Electronic PRO symptom monitoring benefits revealed
medwireNews: Using an electronic patient-reported outcomes (PROs) system improves overall survival (OS) and offers other clinical benefits for patients undergoing chemotherapy for metastatic solid tumors, research suggests.
“This approach should be considered for inclusion in standard symptom management as a component of quality care,” presenting author Ethan Basch, from the University of North Carolina in Chapel Hill, USA, said at the 2017 annual meeting of the American Society of Clinical Oncology in Chicago, Illinois, USA.
The study was published simultaneously in JAMA.
In all, 766 patients with advanced breast, lung, genitourinary, or gynecologic tumors, attending Memorial Sloan Kettering Cancer Center in New York, USA, participated in the study comparing a web-based system for patients to report symptoms with usual care. The age range of the patients was wide (26–91 years), 22% did not complete their high school education, and 30% had no prior computer experience.

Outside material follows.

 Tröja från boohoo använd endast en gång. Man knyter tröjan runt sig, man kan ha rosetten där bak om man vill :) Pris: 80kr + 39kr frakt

The intervention consisted of weekly email prompts for patients to self-report the severity of 12 common symptoms, such as pain and dyspnea, while at home, as well as the opportunity to report symptoms during visits to their oncologist. The patients’ clinical nurses were informed by email of any symptom changes, allowing early detection of any deterioration.
Over a median 7 years of follow-up, OS was a median of 31.2 months in the 441 patients in the intervention group versus 26.0 months for the 325 patients who received standard monitoring of their symptoms with their clinicians. After adjusting for multiple confounding factors, the hazard ratio was a significant 0.83 in favor of the electronic PRO system.

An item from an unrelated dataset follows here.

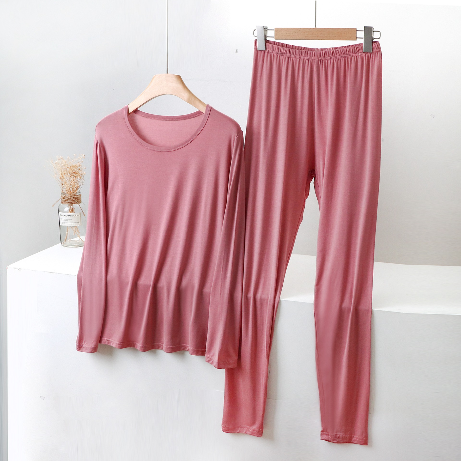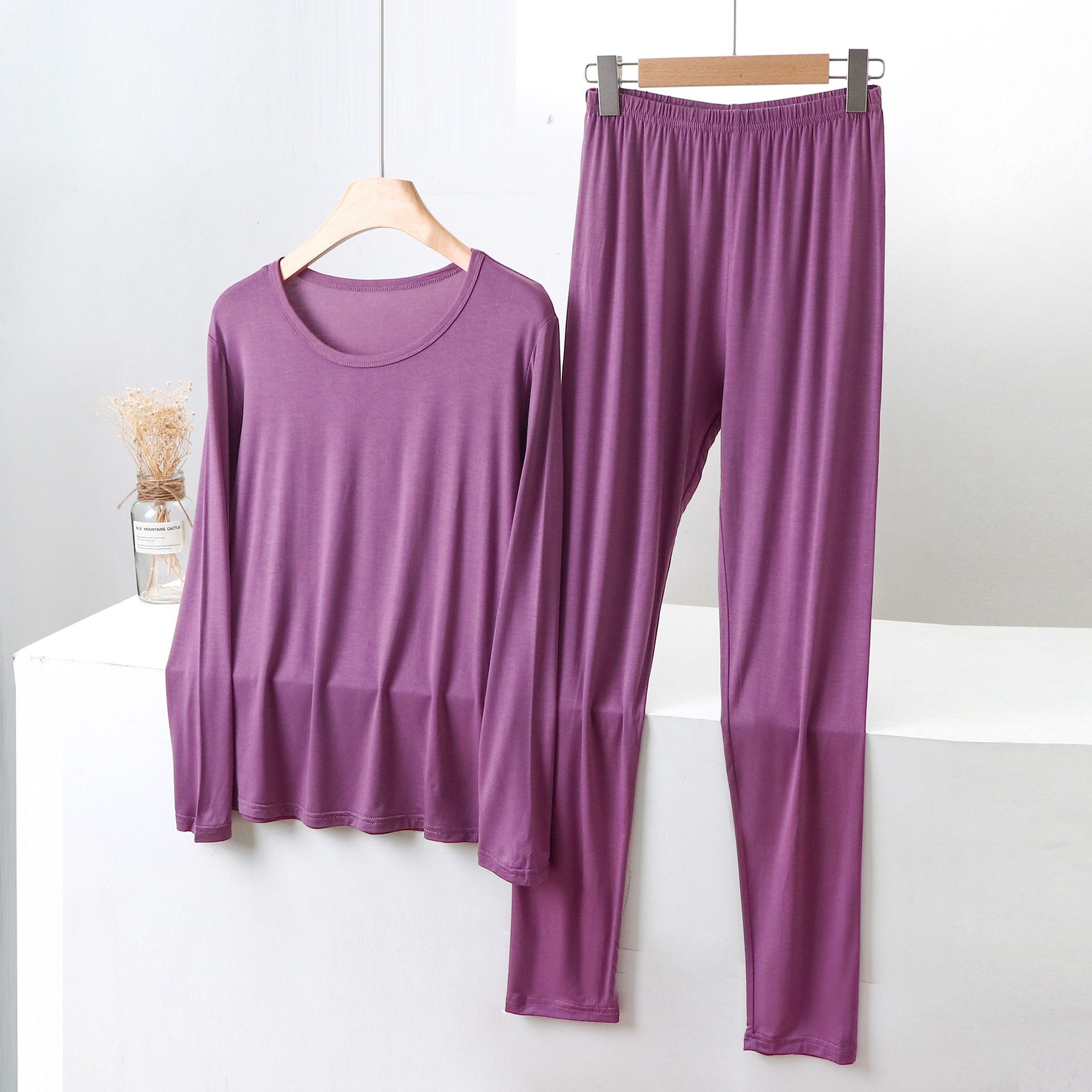 Large Size Chubby Girl Women’s Modal Autumn Clothes and Pants Set Slim-Fit Thin Base Solid Color Thermal Underwear Line and Pants

The patients using the PRO system were also 7% less likely to visit the emergency room over the first 5 years of follow-up.
“Proactive monitoring prompts clinicians to intervene early, before symptoms worsen and cause serious downstream complications,” he said.
Basch noted that patients reported symptoms 73% of the time when prompted and that nurses took action on receiving email alerts 77% of the time, by instigating counseling or supportive care, or by referring patients for imaging, chemotherapy dose adjustment, or emergency room care.
In addition, Basch pointed out the significantly improved physical functioning and self-care in the intervention group, which the researchers believe may also have contributed to the OS gain, adding that results demonstrating improved quality of life with the electronic system were reported previously in the Journal of Clinical Oncology.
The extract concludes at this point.